Jenni Nikkilä 1 , Rahul Kumar 1 , James Campbell 1 , Inger Brandsma 1 , Helen N Pemberton 1 , Fredrik Wallberg 2 , Kinga Nagy 3 , 4 , Ildikó Scheer 3 , 4 , Beata G Vertessy 3 , Artur A Serebrenik 5 , Valentina Monni 5 , Reuben S Harris 5 , Stephen J Pettitt 1 , Alan Ashworth 1 , * , Christopher J Lord 1 , *
23 May 2017
Elevated APOBEC3B expression in tumours correlates with a kataegic pattern of localised hypermutation. We assessed the cellular phenotypes associated with high-level APOBEC3B expression and the influence of p53 status on these phenotypes using an isogenic system.
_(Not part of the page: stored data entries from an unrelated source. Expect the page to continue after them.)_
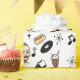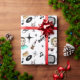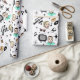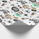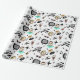 Emballage cadeau à thème Anniversaire ou Anniversaire des années cinquante avec des graphiques d'albums vinyles, des notes musicales, un couple de danse, des milk-shakes, conduire en signe, tvs hotdogs et d'autres images amusantes rétro.
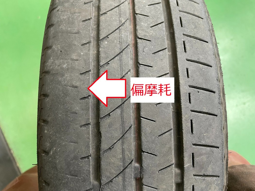 さっそくタイヤの点検をさせて頂いたら画像のように編摩耗が起きてました・・・
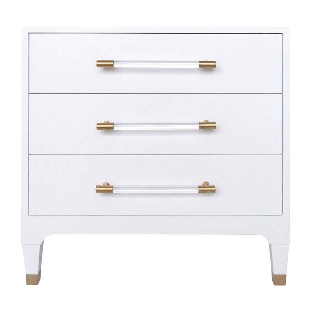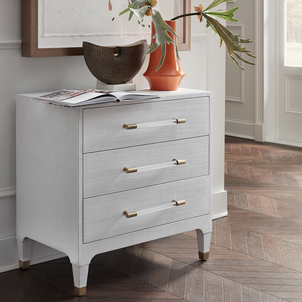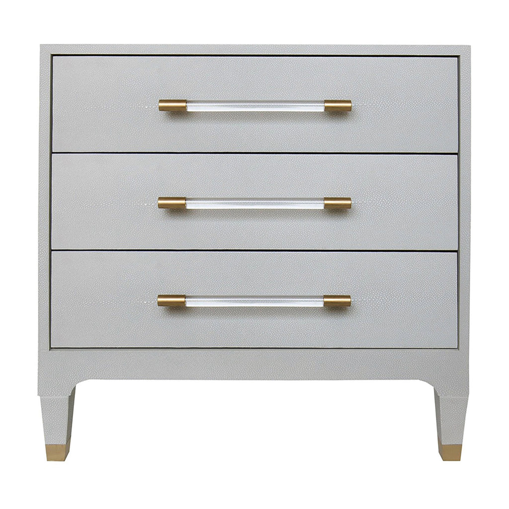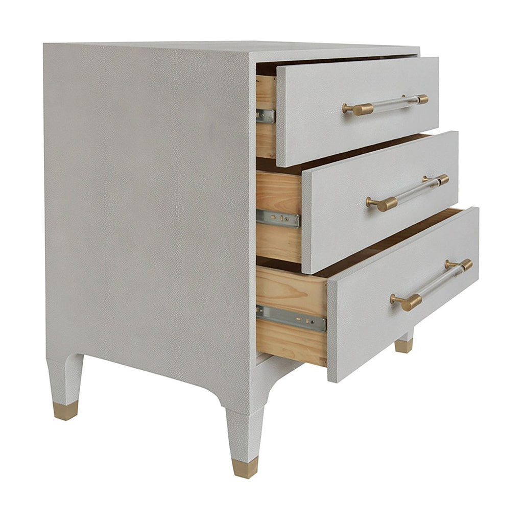 Worlds Away's contemporary glamor comes to life upon this gorgeous side table. Its eclectic textures complement a range of styles, making it the perfect addition to a bedroom or living room. Clean, elegant lines give this furnishing an elevated finish. Coco Chanel once said "simplicity is the keynote of all true elegance," and Worlds Away couldn't find a truer statement to describe the three drawer Maren side table. Dressed in textured white linen or luxurious dove grey shagreen and accented with acrylic and antique brass hardware pulls. Antique brass ferrule foot caps complete the elegant look.
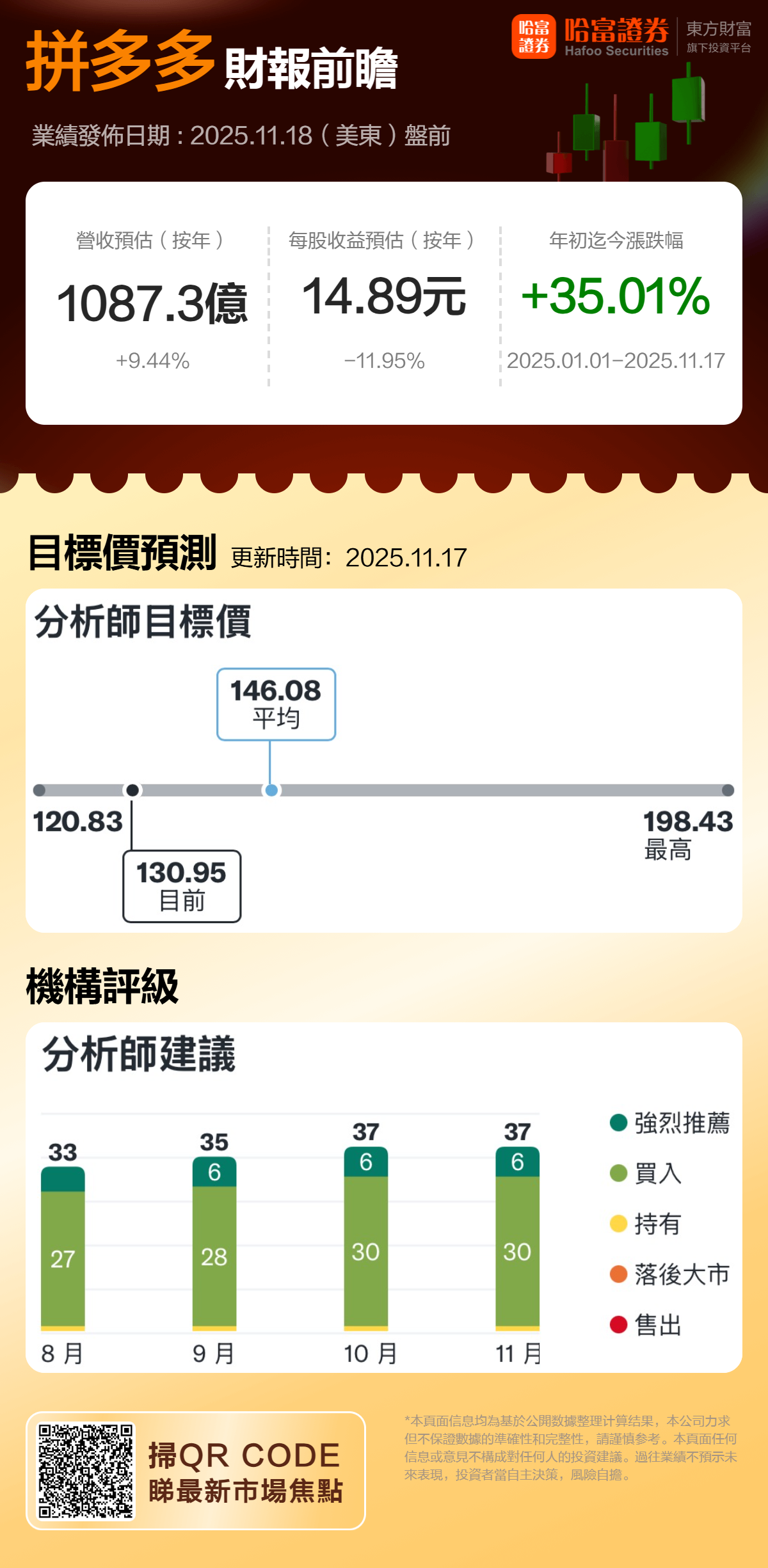 拼多多将于美东时间11月18日盘前发布财报。机构预期拼多多2025Q3预计实现营收1087.3亿元,同比增加9.44%;预期每股收益14.89元,同比减少11.95%。(上述数据使用的会计准则为US-GAAP)

We used RNA interference of p53 in cells with inducible APOBEC3B and assessed DNA damage response (DDR) biomarkers. The mutational effects of APOBEC3B were assessed using whole-genome sequencing. In vitro small-molecule inhibitor sensitivity profiling was used to identify candidate therapeutic vulnerabilities.
Although APOBEC3B expression increased the incorporation of genomic uracil, invoked DDR biomarkers and caused cell cycle arrest, inactivation of p53 circumvented APOBEC3B-induced cell cycle arrest without reversing the increase in genomic uracil or DDR biomarkers. The continued expression of APOBEC3B in p53-defective cells not only caused a kataegic mutational signature but also caused hypersensitivity to small-molecule DDR inhibitors (ATR, CHEK1, CHEK2, PARP, WEE1 inhibitors) as well as cisplatin/ATR inhibitor and ATR/PARP inhibitor combinations.